Segue dunque un trattamento di cottura-estrusione ad alta pressione e ad alta temperatura per estrarre le proteine isolate di soia. Tutto questo provoca una profonda denaturazione delle proteine, che devono essere srotolate, allineate e legate tra loro, così da ottenere all’interno dell’estrusore una massa viscosa, fibrosa ed elastica, che a questo stadio può assumere le sembianze di qualsiasi altro alimento sostitutivo di cibi animali, come ad esempio della carne, riuscendo a raggiungerne masticabilità ed elasticità analoghe dopo ulteriori passaggi e reidratazione.
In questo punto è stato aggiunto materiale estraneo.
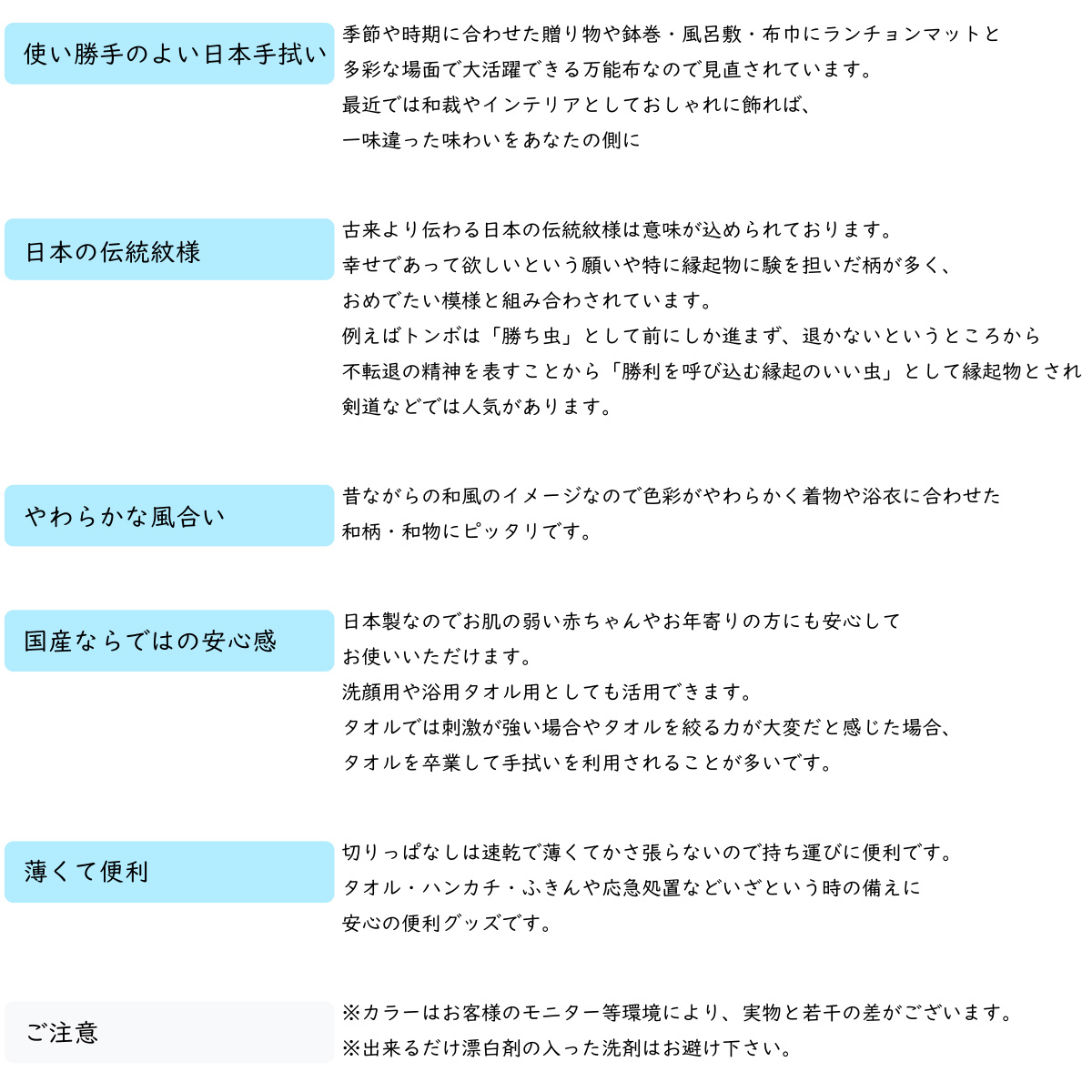 | 使い勝手のよい日本手拭い 季節や時期に合わせた贈り物や鉢巻・風呂敷・布巾にランチョンマットと多彩な場面で大活躍できる万能布なので見直されています。 和裁やインテリアとしておしゃれに飾れば、一味違った味わいをあなたの側に 古来より伝わる日本の伝統紋様は意味が込められております 幸せであって欲しいという願いや特に縁起物に験を担いだ柄が多く、おめでたい模様と組み合わされています。 例えばトンボは「勝ち虫」として前にしか進まず、退かないというところから不転退の精神を表すことから「勝利を呼び込む縁起のいい虫」として縁起物とされ、剣道などでは人気があります。 やわらかな風合い 昔ながらの和風のイメージなので色彩がやわらかく着物や浴衣に合わせた和柄・和物にピッタリです。 国産の安心 日本製なのでお肌の弱い赤ちゃんやお年寄りの方にも安心してお使いいただけます。 洗顔用や浴用タオル用としても活用できます。 タオルでは刺激が強い場合やタオルを絞る力が大変だと感じた場合、タオルを卒業して手拭いを利用されることが多いです。 薄くて便利 切りっぱなしは速乾で薄くてかさ張らないので持ち運びに便利です。 タオル・ハンカチ・ふきんや応急処置などいざという時の備えに安心の便利グッズです。 |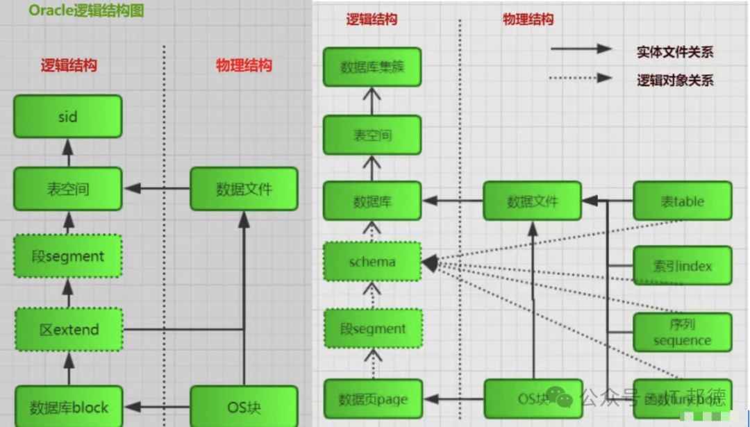 上面左边是Oralce的逻辑架构,右边是PG的逻辑架构,很明显了吧!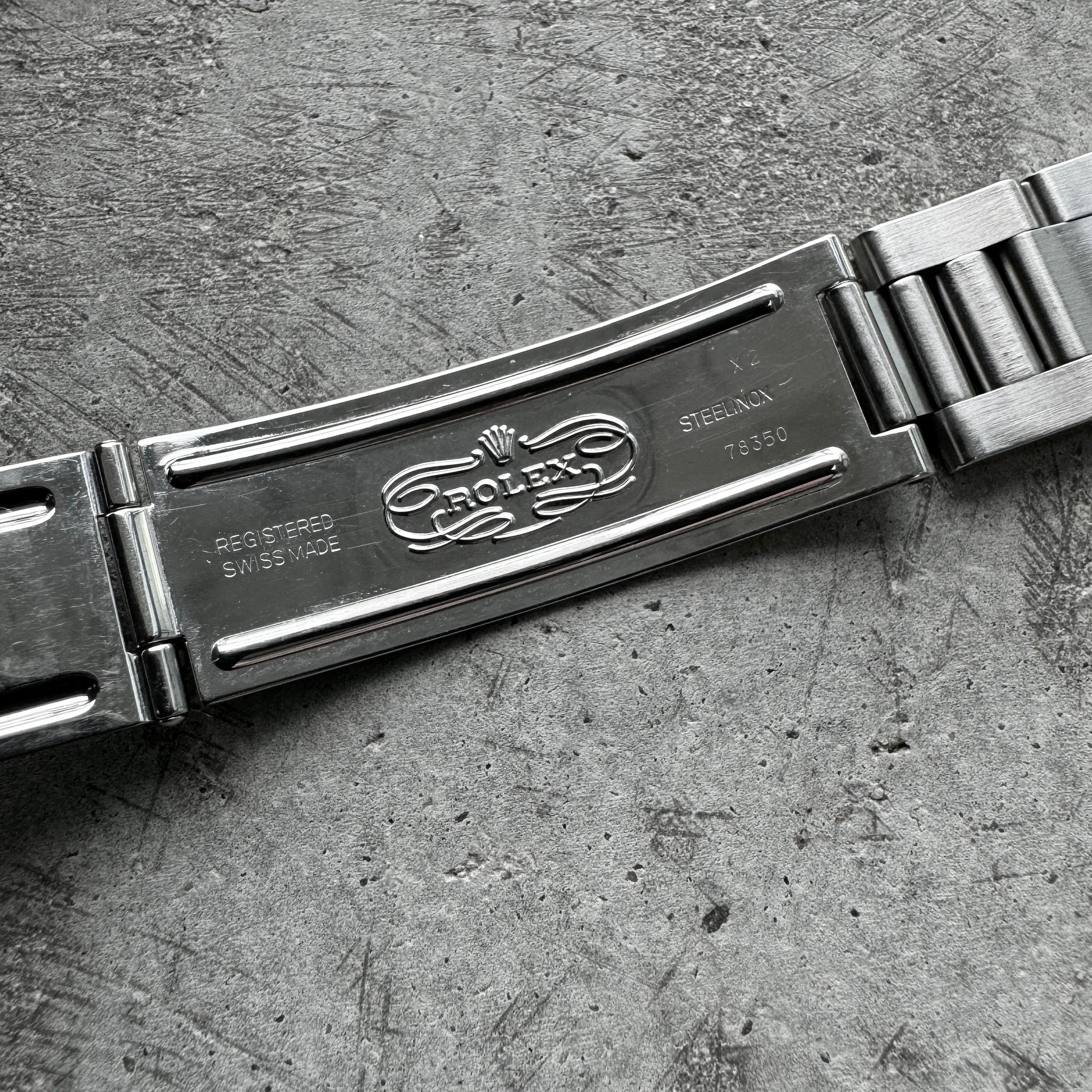 Bracelet/Strap: Original Rolex stainless steel oyster bracelet which remains unpolished with a few light scuffs. The bracelet remains very tight with essentially no stretch. The bracelet reference is 78350 with X2 clasp code dating this bracelet correctly to February 1999. This watch comes with all of the links as new and will fit an 8inch wrist.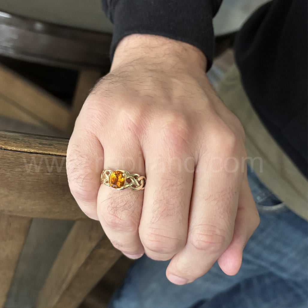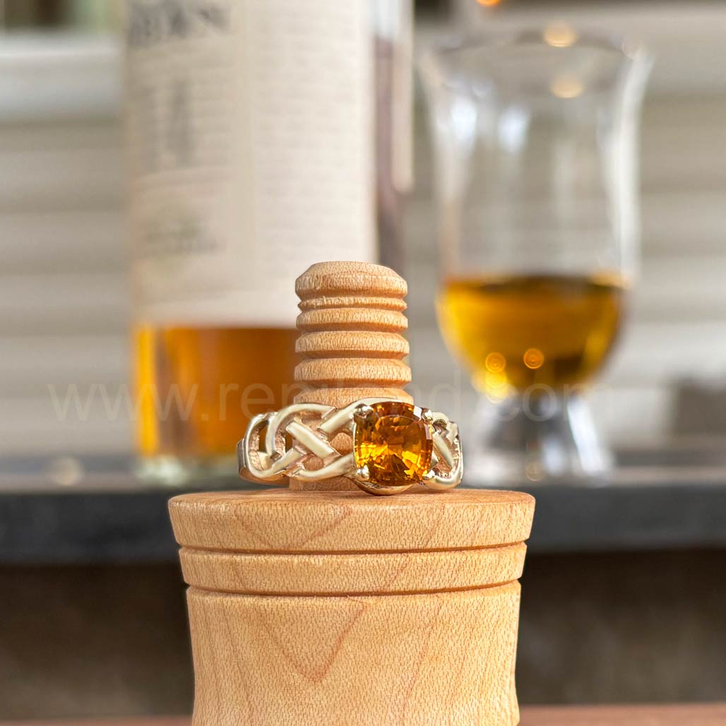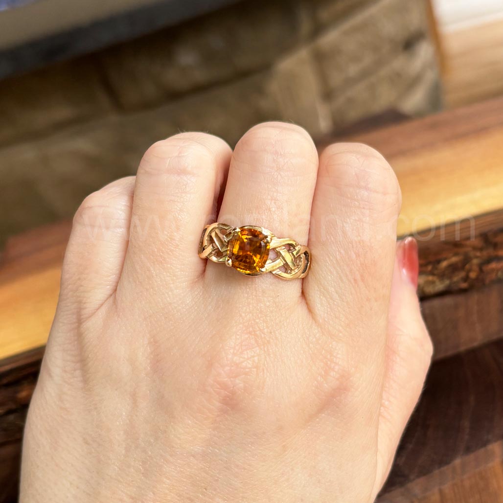 This modified Elidir ring is 14kt yellow gold with a 2.76ct 8x8.5mm cushion cut, faceted Golden Tourmaline in a basket setting. The ring measures 3/8" at the top and narrows to 1/8" at the back. The ring can be sized within the range offered above, at no additional cost, before shipping.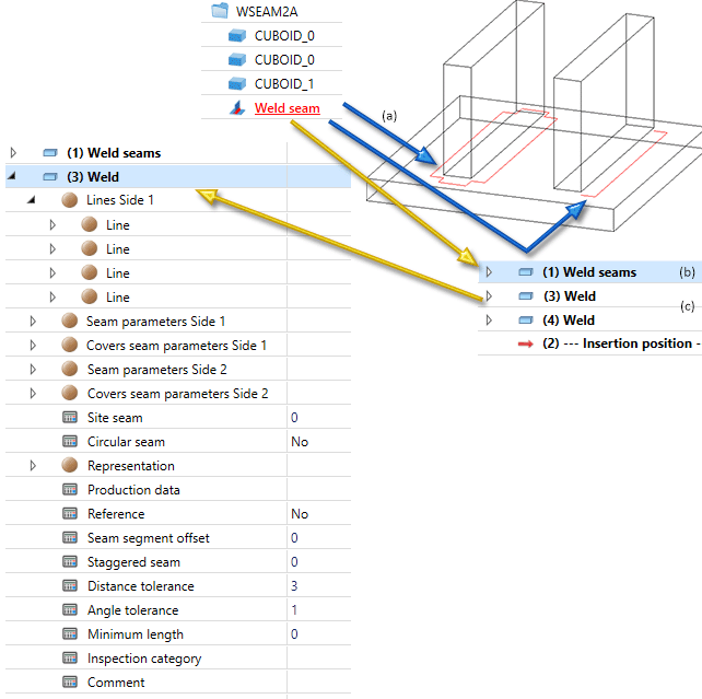 In the example shown below, the two weld seams on the left hand side were created in one step. In the process, the main part Weld seam (a) was created. After this, the weld seam function was called again (while the main part was still active) and the right weld seam was created. The feature log then contains the creation feature (b) and two weld seam features (c). In our example, feature (3) belongs to the two first created weld seams (for this reason there are four entries under Welding line list).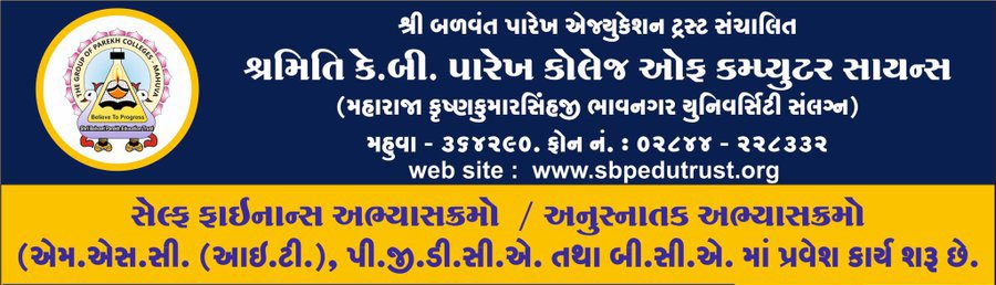 We marching towards the completion of give decades Smt. K. B. Parekh College of Computer Science, Mahuva with the constituents, are a family of some 20 staff member faculty 450 students being educated at undergraduate and postgraduate levels in Computer Science discipline. With a picturesque campus on nearly 6 acres (5.564) of land in the lap of nature, Smt. K. B. Parekh College of Computer Science, Mahuva, affiliated to Maharaja Krishnakumarsinhji Bhavnagar University, is ended a truly materialized dream of Shree Mahuva Education Trust, which commenced its mission of higher education in a rural and educationally backward region – Mahuva in 2000.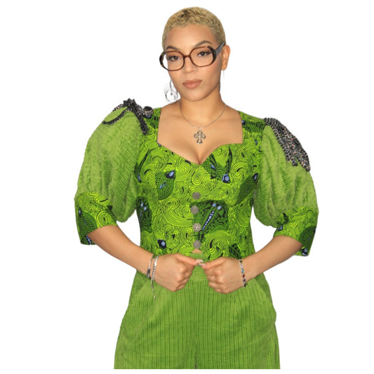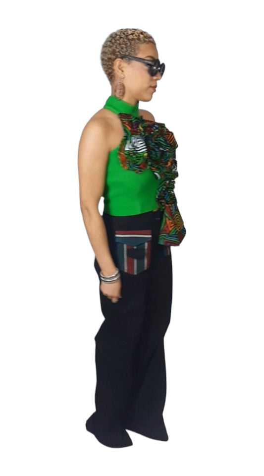 Green Wide Cut Pants with Ankara Overlay Marching Top
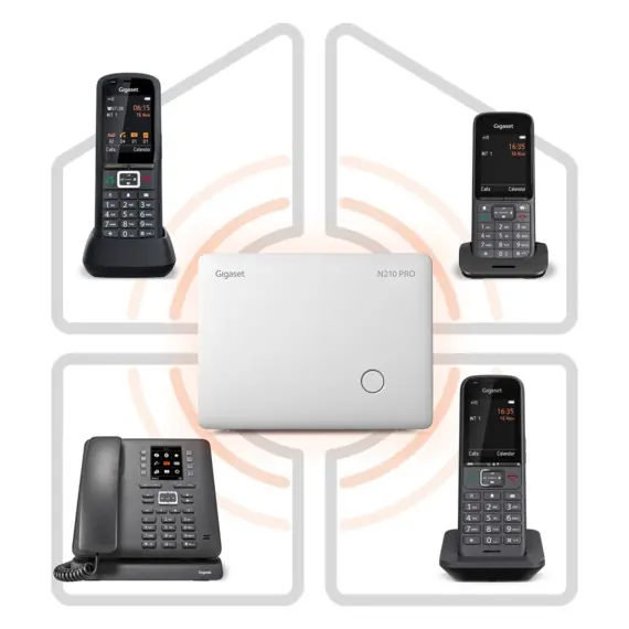 Avec sa mise en marche simplifiée, la base DECT Gigaset N210Pro offre la possibilité d'un usage rapide et efficace, notamment dans les petites entreprises. Connectez jusqu'à 6 combinés supplémentaires Gigaset (Maxwell C, S700H ou encore R700H), et profitez d'une flexibilité sans égale.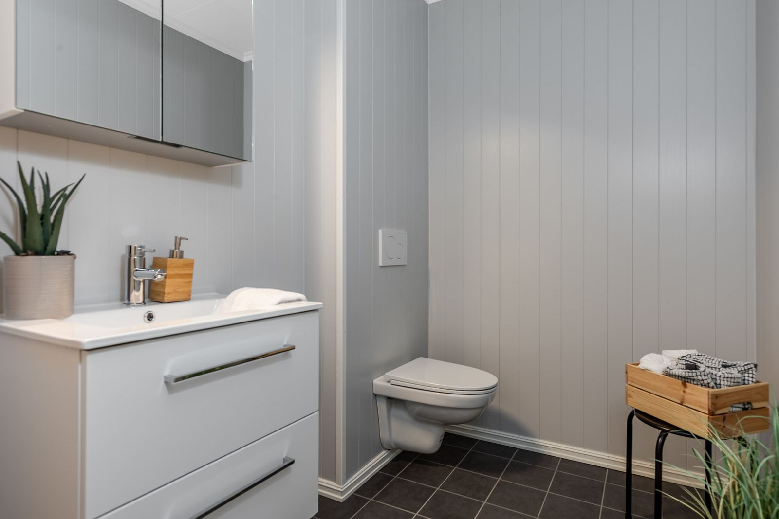 Fint gjestetoalett med vegghengt toalett, servant og speilskap med lys. Flislagt gulv med varmekabel.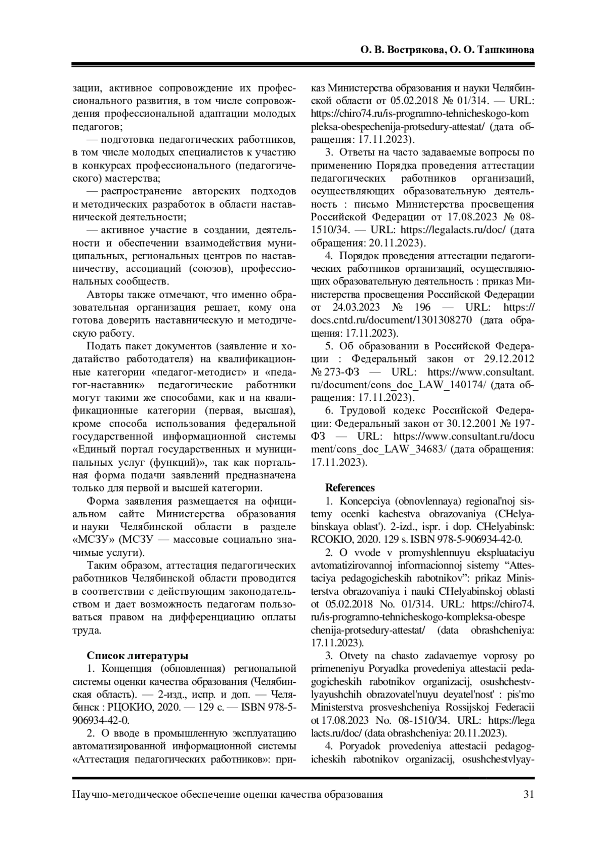 4. Порядок проведения аттестации педагогических работников организаций, осуществляющих образовательную деятельность: приказ Министерства просвещения Российской Федерации от 24.03.2023 № 196 - URL: https://docs.cntd.ru/document/1301308270(дата обращения: 17.11.2023).
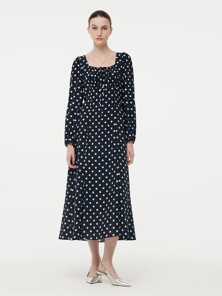 -16MM mulberry silk -X-line fit -Skin-friendly Gracefully flowy and effortlessly elegant, this dress is crafted from 16MM mulberry silk for a soft, breathable, and skin-friendly feel. Elastic details at the neckline and cuffs, along with adjustable tie straps, ensure a perfect fit and comfort. The X-shaped silhouette a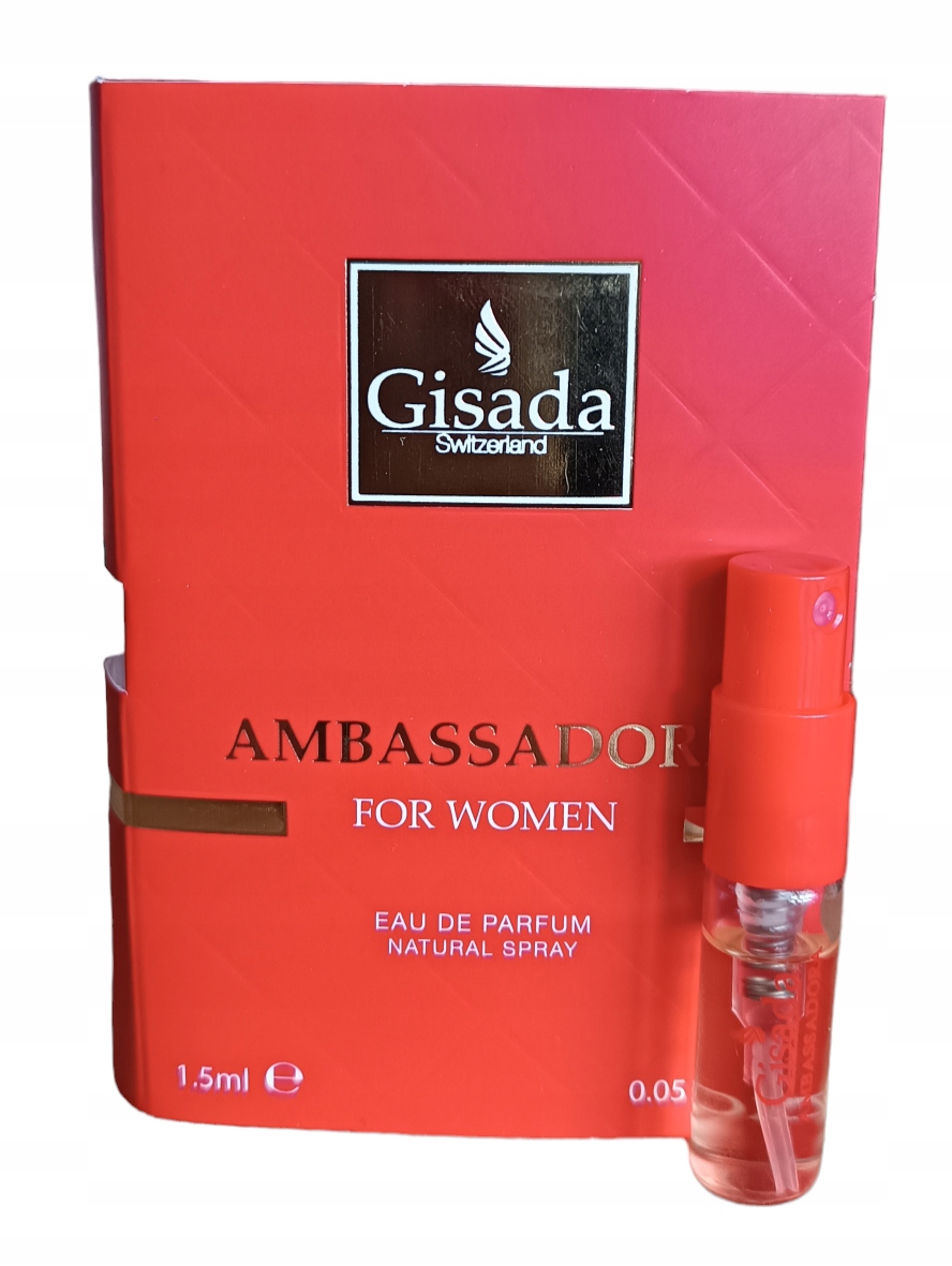 Ambassadora від Gisada - парфуми для жінок і чоловіків. Амбассадора вийшов у 2021 році. Верхні ноти: Рожевий Перець, Мандарин, Чорниця і Лист Фіалки; ноти серця: Апельсиновий Цвіт, Кашемірове Дерево, Жасмин і Фрезія; ноти бази: Ваніль, Цукор, Ветивер, Мускус і Сандал.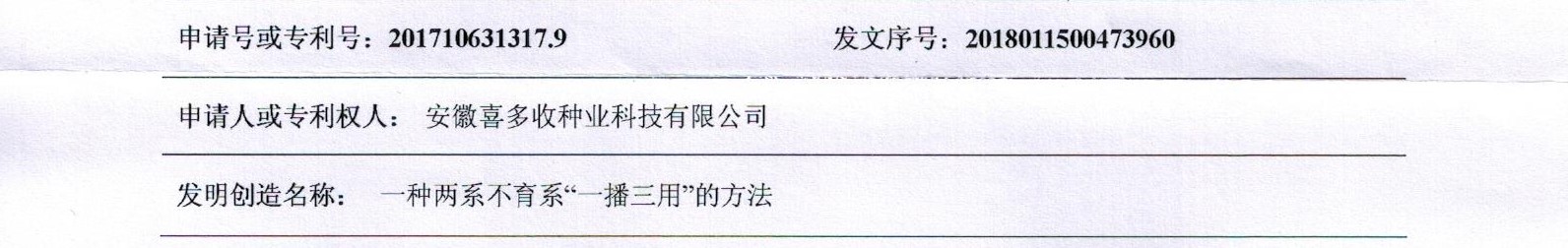 發(fā)明專(zhuān)利《一種兩系不育系“一播三用”的方法》實(shí)審?fù)ㄖ獣?shū)

L’aggiunta di additivi come aromi artificiali, dolcificanti, addensanti, emulsionanti, coloranti, sale e grassi fa il resto, completando l’opera, per dare il più possibile il sapore di carne o delle più svariate imitazioni di formaggi e farci dimenticare l’originale fagiolo. Nonostante tutti gli sforzi delle industrie produttrici, chi ha assaggiato questi artefatti iperprocessati si è reso conto che sono ben lontani dall’eguagliare i cibi genuini che hanno la pretesa di voler imitare e sostituire, sia nel gusto che nelle proprietà nutrizionali.
I trattamenti industriali estremi a cui la soia viene sottoposta, infatti, distruggono il suo valore nutritivo iniziale e le sue proprietà benefiche, ossidando i grassi rendendoli dannosi e facendo perdere proteine, vitamine e minerali. L’abuso di questi prodotti può infatti provocare carenze nutrizionali e seri problemi di salute. La soia è un alimento un po’ “complicato”, che va consumato in modo corretto e con gli abbinamenti giusti per poter beneficiare delle sue virtù.
Imparare da chi la usa da millenni
A questo proposito i popoli orientali hanno tanto da insegnarci, essendo la soia un alimento che fa parte della loro tradizione. È curioso sapere che gli orientali hanno cominciato a considerare la soia commestibile solamente dopo che hanno imparato a fermentarla: per esperienza si erano resi conto che la soia conteneva naturalmente delle sostanze tossiche, che non venivano distrutte dai normali processi di cottura, e che causavano fastidiosi gonfiori e gravi problemi digestivi. È solo dopo aver scoperto che le tecniche di fermentazione risolvevano quelle problematiche che la soia è stata trasformata in un cibo molto apprezzato, con la nascita dei prodotti tradizionali orientali che ormai tutti conosciamo come il miso, il tempeh e il nattō.
La fermentazione è l’unico metodo in grado non solo di disattivare le sostanze tossiche della soia e arricchirla di enzimi benefici aumentandone il valore nutritivo, ma anche di diminuire il potere fitormonale degli isoflavoni, i fitoestrogeni contenuti naturalmente nella soia, sostanze che, imitando gli estrogeni femminili, possono interferire e agire contro le funzionalità del sistema endocrino. Gli isoflavoni della soia sono considerati infatti degli “endocrino-disgregatori”, in grado di compromettere la funzionalità della tiroide, dell’apparato riproduttivo, causando problemi di fertilità, fino a promuovere anche alcuni tipi di cancro, come quello al seno, allo stomaco e al pancreas.
Le modalità di consumo moderne e occidentalizzate della soia sottoforma di prodotti industriali imitativi della carne e dei cibi animali non ha fatto altro che rendere ancora più buio e insidioso questo lato oscuro della soia, rendendola un alimento che può portare gravi danni alla salute, anche irreparabili, soprattutto se diete vegane scorrette e con larga presenza di questi “sostituti” vengono fatte seguire ai bambini.
Se proprio si vuol consumare questo alimento lontano dalla nostra tradizione mediterranea, meglio lasciar perdere polpette vegane, bistecche di finta carne e simili, e impariamo come fanno gli orientali da secoli: in piccole porzioni, come condimento, sottoposta a lunghe fermentazioni e sempre abbinata alla carne e al pesce, assolutamente non in loro sostituzione, alimenti sempre presenti nelle diete di tutti i popoli tra i più longevi e che contribuiscono ad una dieta davvero completa, sana e bilanciata. E anche il lato oscuro della soia sarà meno tenebroso.